How about running DeepSeek locally, then monitor the network to see if it is secretly reaching out and sending data back to China. In concerns me anytime I run anything that was developed in China. I know Ollama and LMStudio can run DeepSeek models. I find it hard to believe they wouldn't embed something bad in DeepSeek.

Thanks

Amazing!! ....by the way: I'm a dummy on this, but, I'd listened that you can hear calls/audio/packets. Is it possible? How?....and....can we automate this with A.i.?......Thanks!

lol you didn't even use the reasoning R1 model, which is probably way better for this task

But didn't you already give it a hint by namking the file name as tlsbroken.txt ??

I got palo firewall to analyze 😅😅

👏🏻👏🏻👏🏻

Song name??

Maybe run a pcap?

Oh I thought you were going to run wireshark while you use a local DeepSeek model and examine its network activity so we can 'know' where or if the data is going.

How do you use the deepseek? I can get submit a couple of prompts daily, otherwise the servers are busy...

If it is American ai server whatever data you can put, but if it other countries, warning signs. Isn't that hypocrisy

neato!

👏👏👏

You might have kind of given it away by naming the files... like, undoubtably it adds bias to the output when you name the datasource e.g. "rst errors" instead of just "pcap", no?

I recommend asking it the problem he found it the packet without saying further information such, why does break Meanwhile if this working well by training it can do some complex tasks that cybersecurity analyst take around 15 minutes to find out.

"Tell me what the problem is in this file that I named with what the problem is" doesn't seem like much of a test.

Imagine you create AI agen to automatically do all that for you and report back to you! I have already left this Cyber Security career..after 30 years doing this shit!

A/b with other well known and used ai enhancements led search engines

The one thing AI will not thrive on is cyber security. If this thing hallucinates and misses a serious threat while analyzing packets, the company is done.

Splunk should AI jazzed their software

I _am_ a packet-person... :o

I wonder if it could be jerry rigged into any APIable network ecosystem and eat Mist's lunch

Great stuff

Why did you name the file 'tcpresets'? You gave extra-context, man!
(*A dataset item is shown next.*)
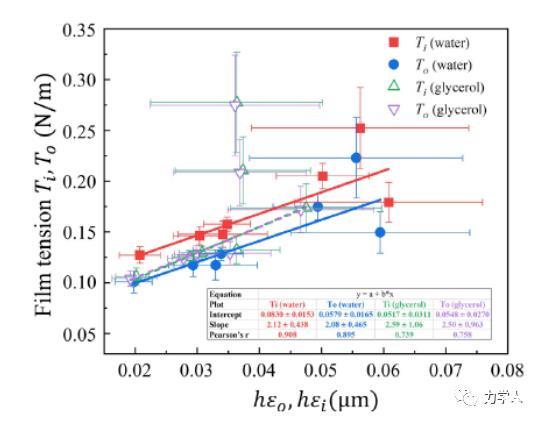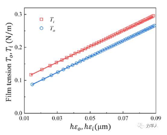 基于該平衡構型的解析解,本研究發(fā)現(xiàn)薄膜在接觸線附近的彈性應變可以由薄膜的鼓包角解析給出。由此,本文給出了在一般條件下,薄膜在接觸線附近的彈性應變隨鼓包角的解析關系。圖3表明,基于該解析關系給出的薄膜彈性應變可以很好的描述薄膜總張力隨薄膜厚度及接觸線附近應變的演化規(guī)律。基于此,本文提出了采用線性外推薄膜總張力隨薄膜厚度和接觸線附近薄膜應變乘積的方法來確定固體表面張力的方案。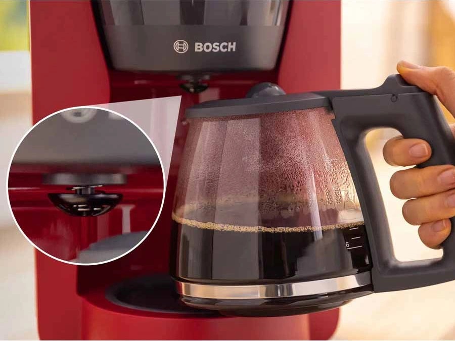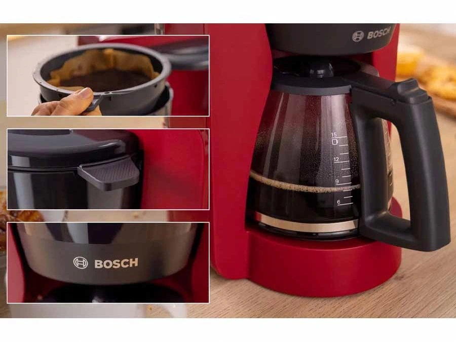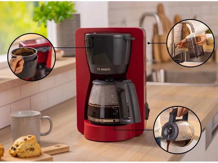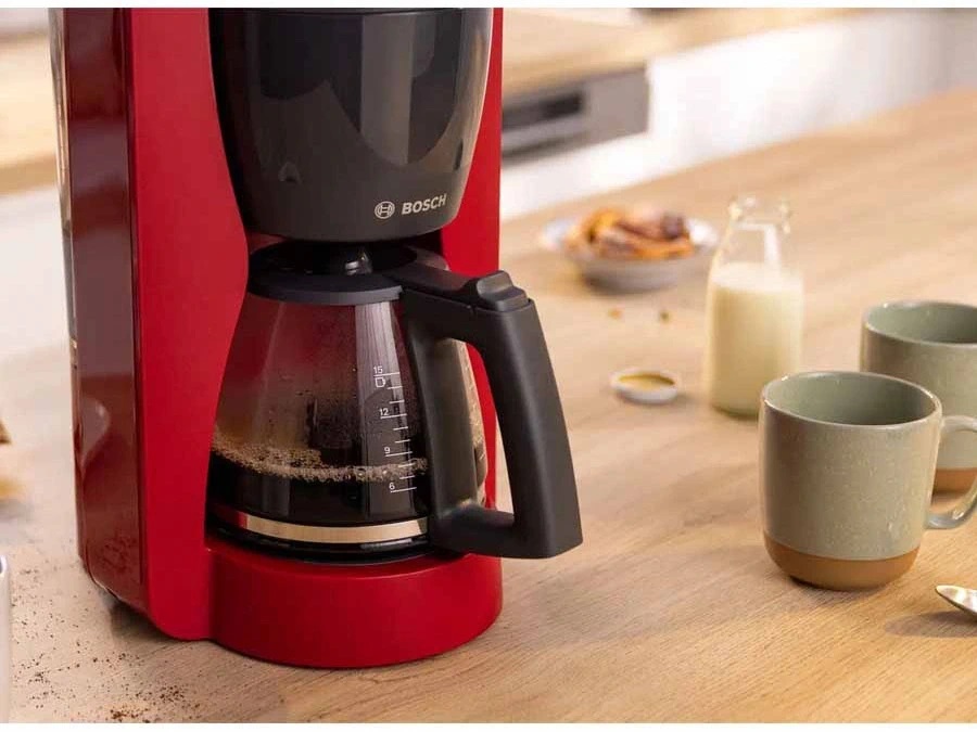 Bên cạnh đó, máy lọc cà phê Bosch được thiết kế với tông màu đỏ nổi bật, tạo điểm nhấn hiện đại cho khu vực bếp hoặc văn phòng. Kiểu dáng tổng thể gọn gàng cùng các chi tiết được bố trí hợp lý giúp thiết bị vừa mang tính thẩm mỹ, vừa đảm bảo sự thuận tiện trong quá trình sử dụng hằng ngày.

Men you look soo good with Beard ... pls dont do full shave ever ... Thank you for the video

Why no one before do this tests to any other llm !!!!!!! Is not a question

Enable the “deep think R1” flag, then it will try to reason its conclusions

You're not using R1, you're using DeepSeek V3, you need to select R1 to activate it....
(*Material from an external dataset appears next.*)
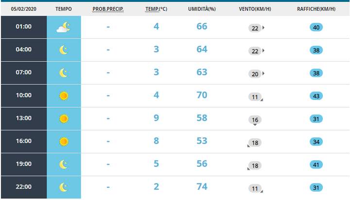Fonte Previsioni del Tempo : Aeronautica Militare Italiana e Ministero della Difesa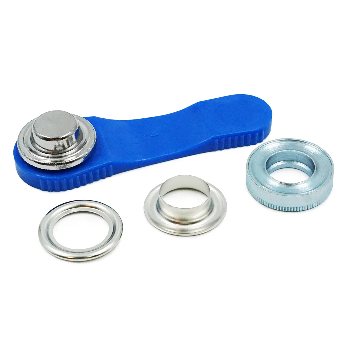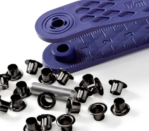 Блочка – это специальная втулка, или ножка люверса без кольца. Она позволяет укрепить края отверстий, защитить их от трения. Блочки предназначены для ременной застежки, шнуровки. Чтобы установить блочку, потребуется специальное кольцо соответствующего диаметра. Оно надевается с изнаночной стороны изделия на ножку блочки непосредственно перед установкой. Затем люверсы закрепляют с помощью специального инструмента.

Helo Cris i lookin g you do this deepsek wit the sharks ande i like. looke good fo me tank you much. so look mor sharks for this deepsek. also my siestes like you hannesom i pushe thies botton an look fo buy shaks you my fient. i like thies anmay be i now won the gifft you tank you. I hav ni poblem fo many monnies buy the sharhs. how much for tis sharks to buy tank you? im like thies vere good tank you cris tank you

It looks like cybersecurity will be cut by 90% like software engineers in a couple of years right ? I see people are so much in denial 😂

All good great until it's found it really Chinese spyware.